(Task to carry out) Transcribe exactly the lines below that begin at the line with "Сегодня ученики нашей" and stop after the line with "Hooded loungewear, the", leaving out every picture.

******************************

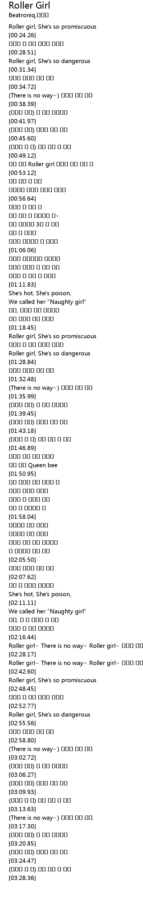 | [02:35.10] | Roller girl~ There is no way~ Roller girl~ 그녀의 노예 |
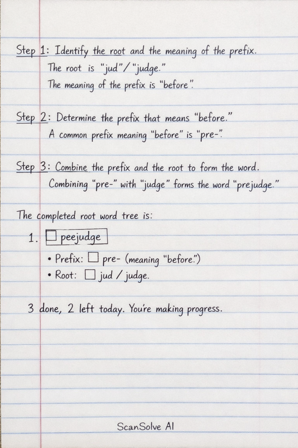 Step 3: Combine the prefix and the root to form the word. Combining "pre-" with "judge" forms the word "prejudge".
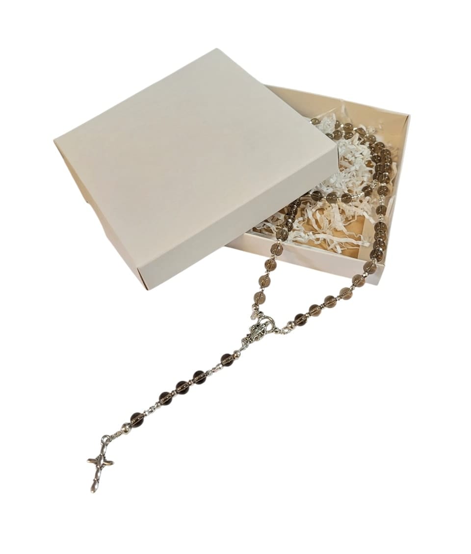 Rožančius su natūraliais akmenukais „Dūminis kvarcas”
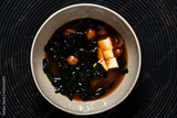 Savory Bowl of Vegetable Miso Soup With Fresh Tofu, Mushrooms, and a Rich Dark Broth Served in a Minimalist Setting
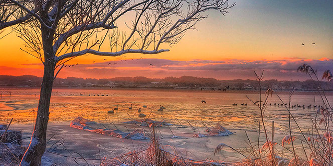 地元のフォトグラファー 小出一郎さんが、スマートフォンで撮影した伊豆沼の写真です。カメラでなくても、スマートフォンでこんなに素敵な写真を撮ることができるんですね♪ この冬、スマホ片手に素敵な写真を撮りに出かけてみてはいかがでしょうか。
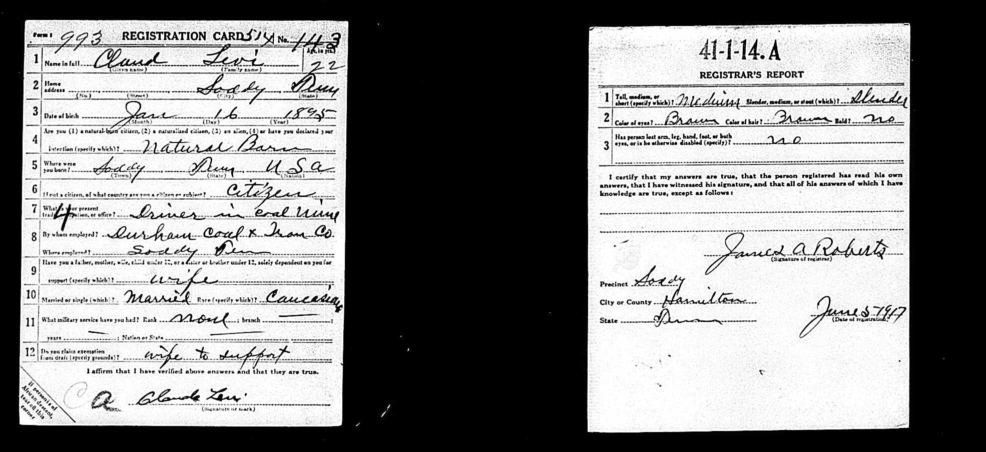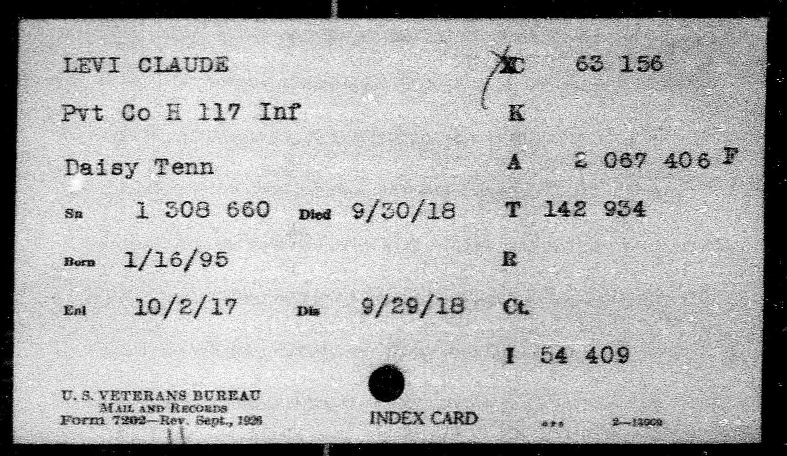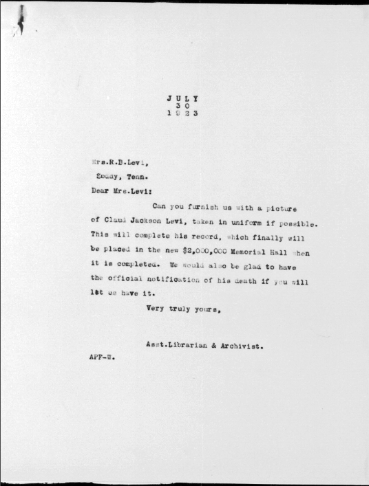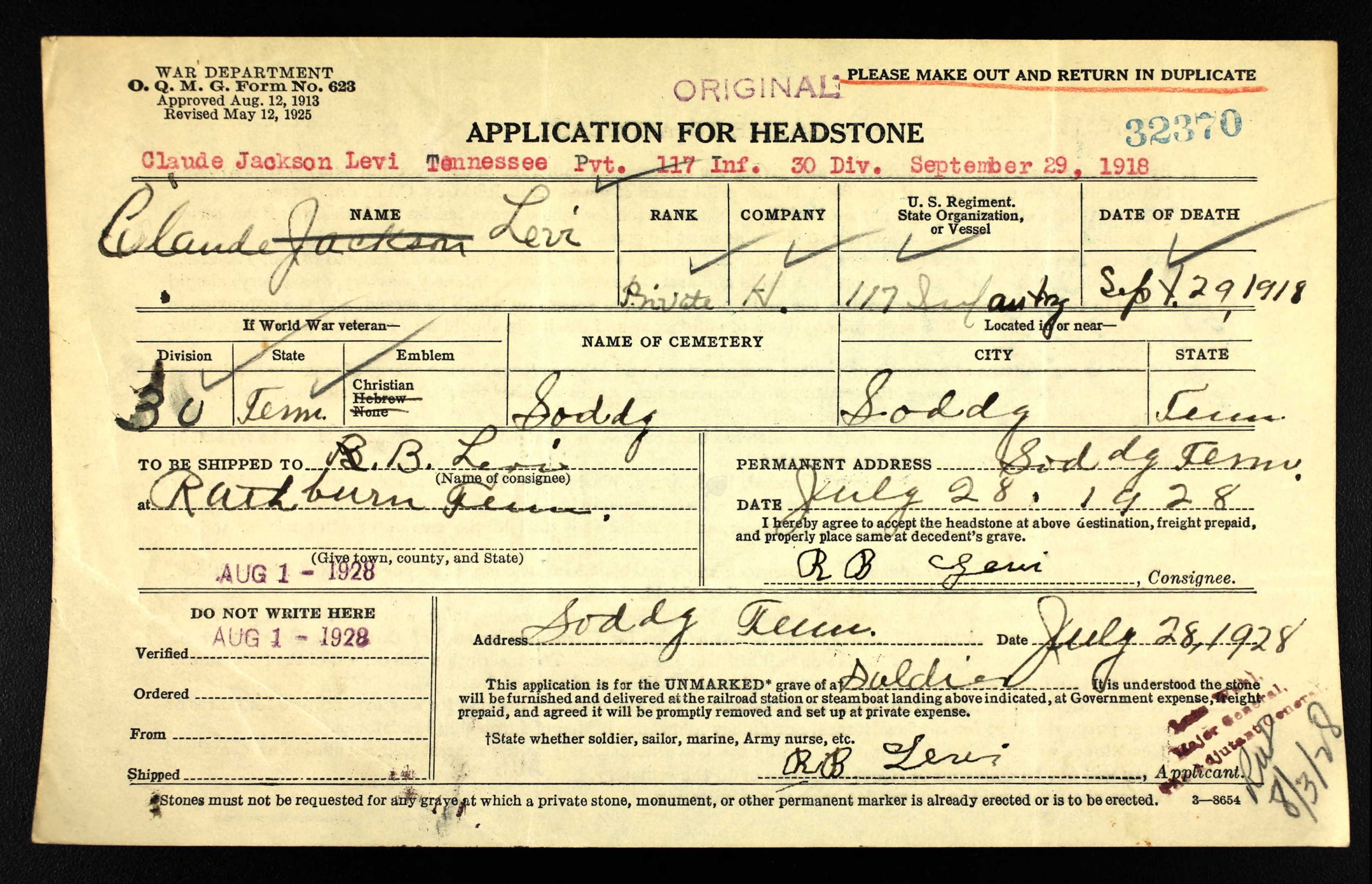 Claude Jackson Levi was born in Soddy, Tennessee, son of Mary Eliza Payne and husband of Bertha Levi. He was killed in action in France 29 September 1918.
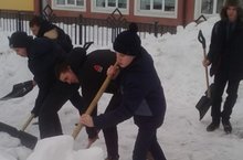 Сегодня ученики нашей школы приняли участие в патриотическом субботнике. Они очищали площадь от снега, где расположен легендарный танк Т-34.
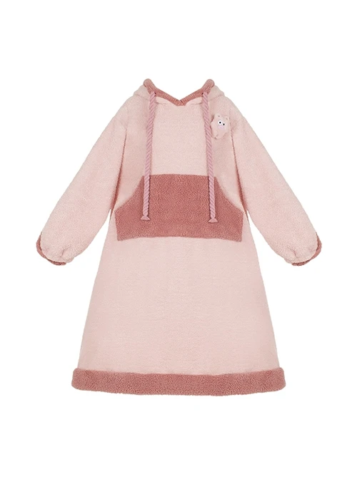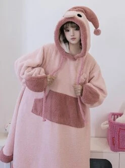 Hooded loungewear, the fit is very loose and comfortable, the pink coral velvet material is soft and warm, the hood has a cartoon blob fish face and a three-dimensional big nose, and the long dress design makes it more cute and childlike with a cute brooch.
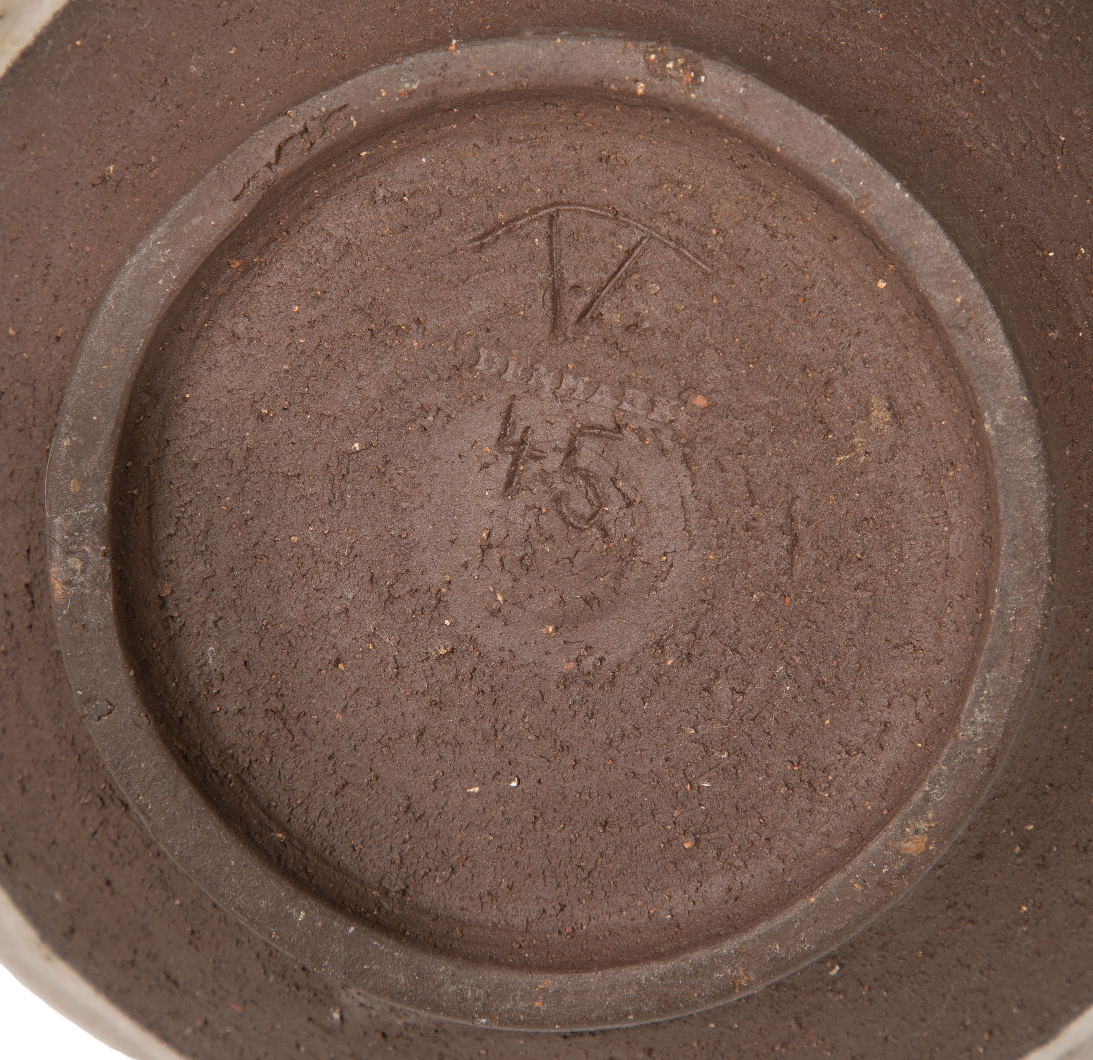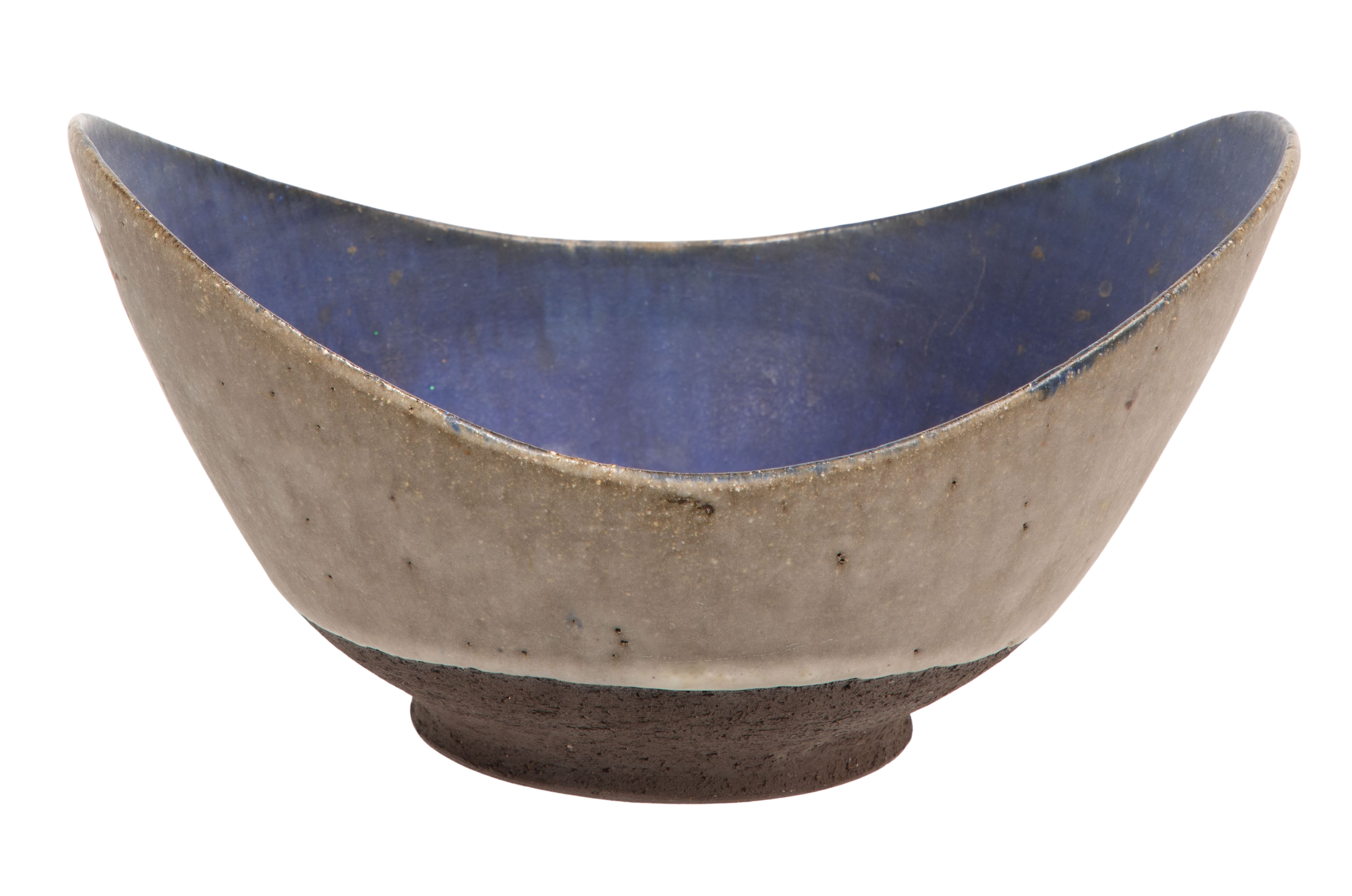 Boat-form bowl having a round unglazed brown ware foot transitioning to an elliptical form having raised ends, a tan glaze to exterior and dark blue interior, incised initials, number ’45’ and impressed ‘Denmark’ underside
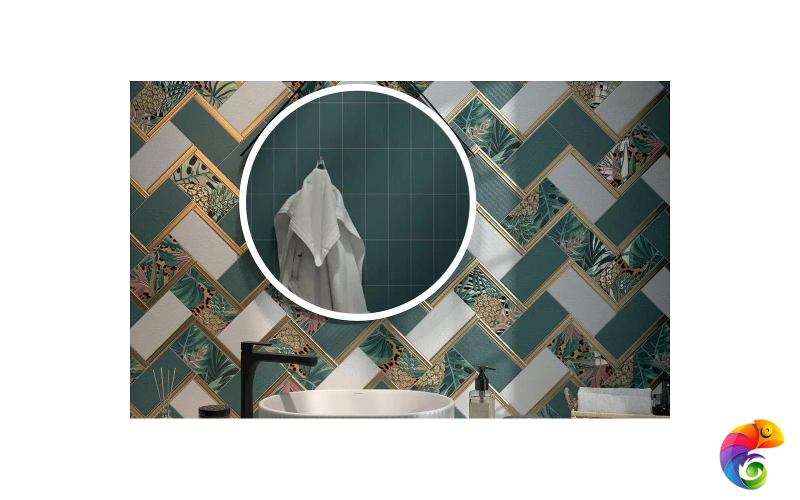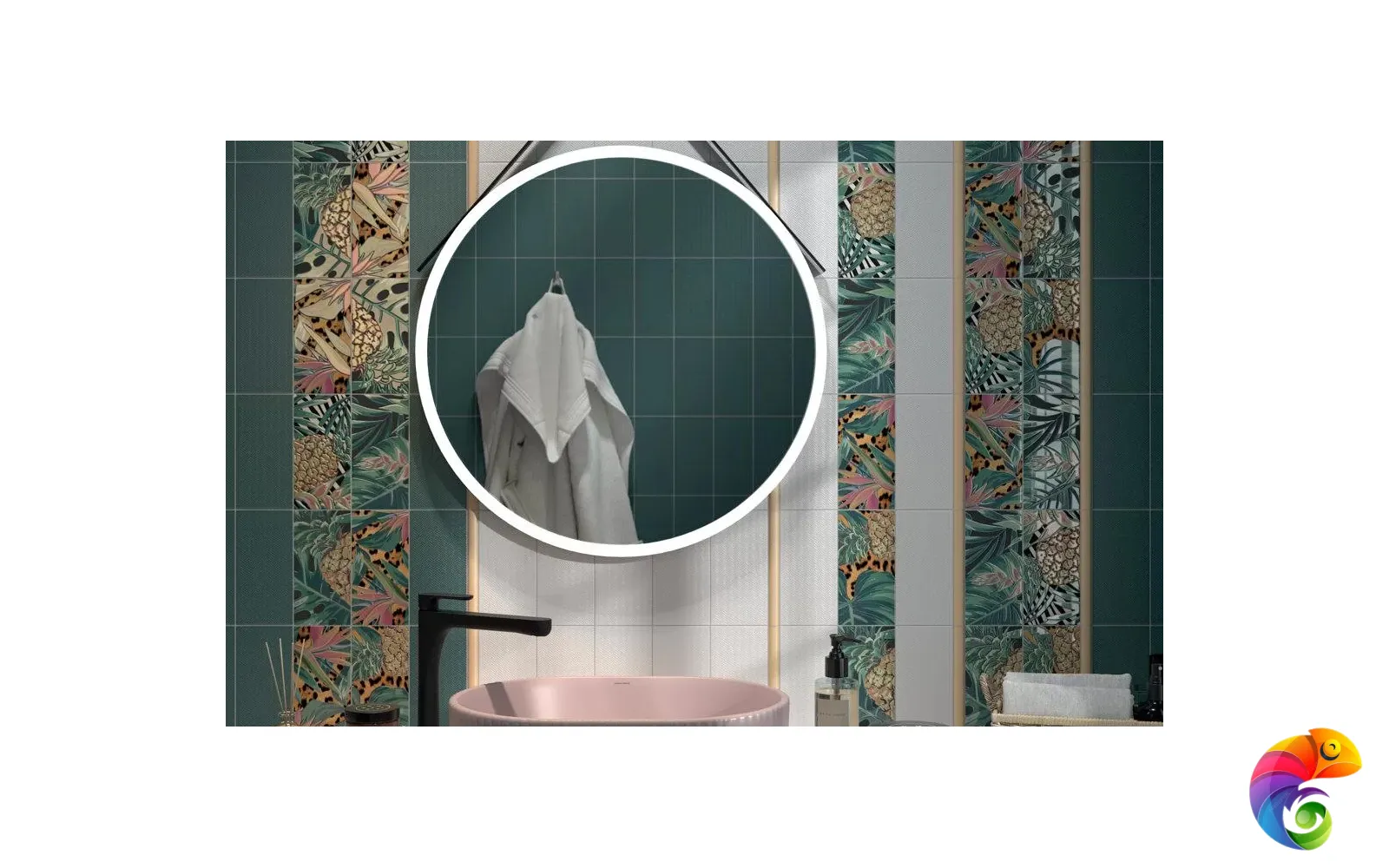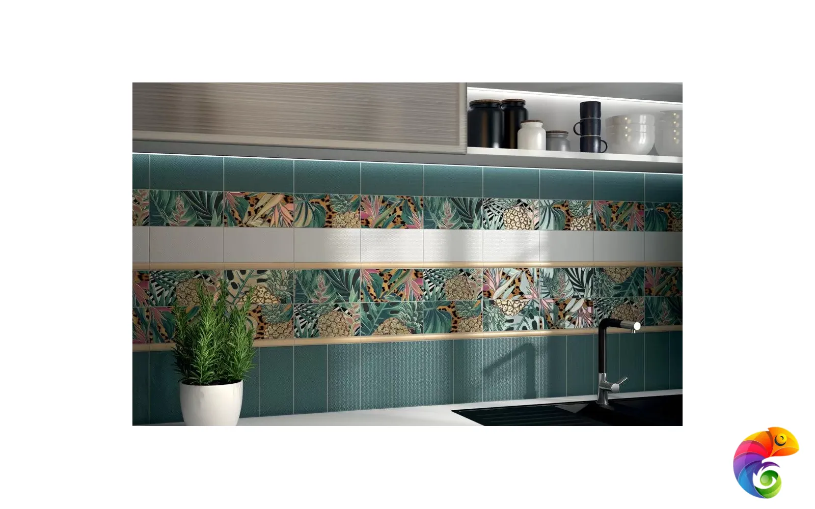 Яркий дизайн и удобный формат плитки 10×20 см прекрасно подойдут для отделки разных помещений, в том числе кухни и ванной комнаты. Удачными можно считать сочетания плитки с накладными раковинами в цвете мальва или в песочном цвете, плетёными ковриками и корзинами из джута, плетёной мебелью и аксессуарами природной тематики. Спокойный зелёный оттенок фоновой плитки вносит в обстановку гармонию и умиротворение.

******************************

(Answer space)
 Сегодня ученики нашей школы приняли участие в патриотическом субботнике. Они очищали площадь от снега, где расположен легендарный танк Т-34.
 Hooded loungewear, the fit is very loose and comfortable, the pink coral velvet material is soft and warm, the hood has a cartoon blob fish face and a three-dimensional big nose, and the long dress design makes it more cute and childlike with a cute brooch.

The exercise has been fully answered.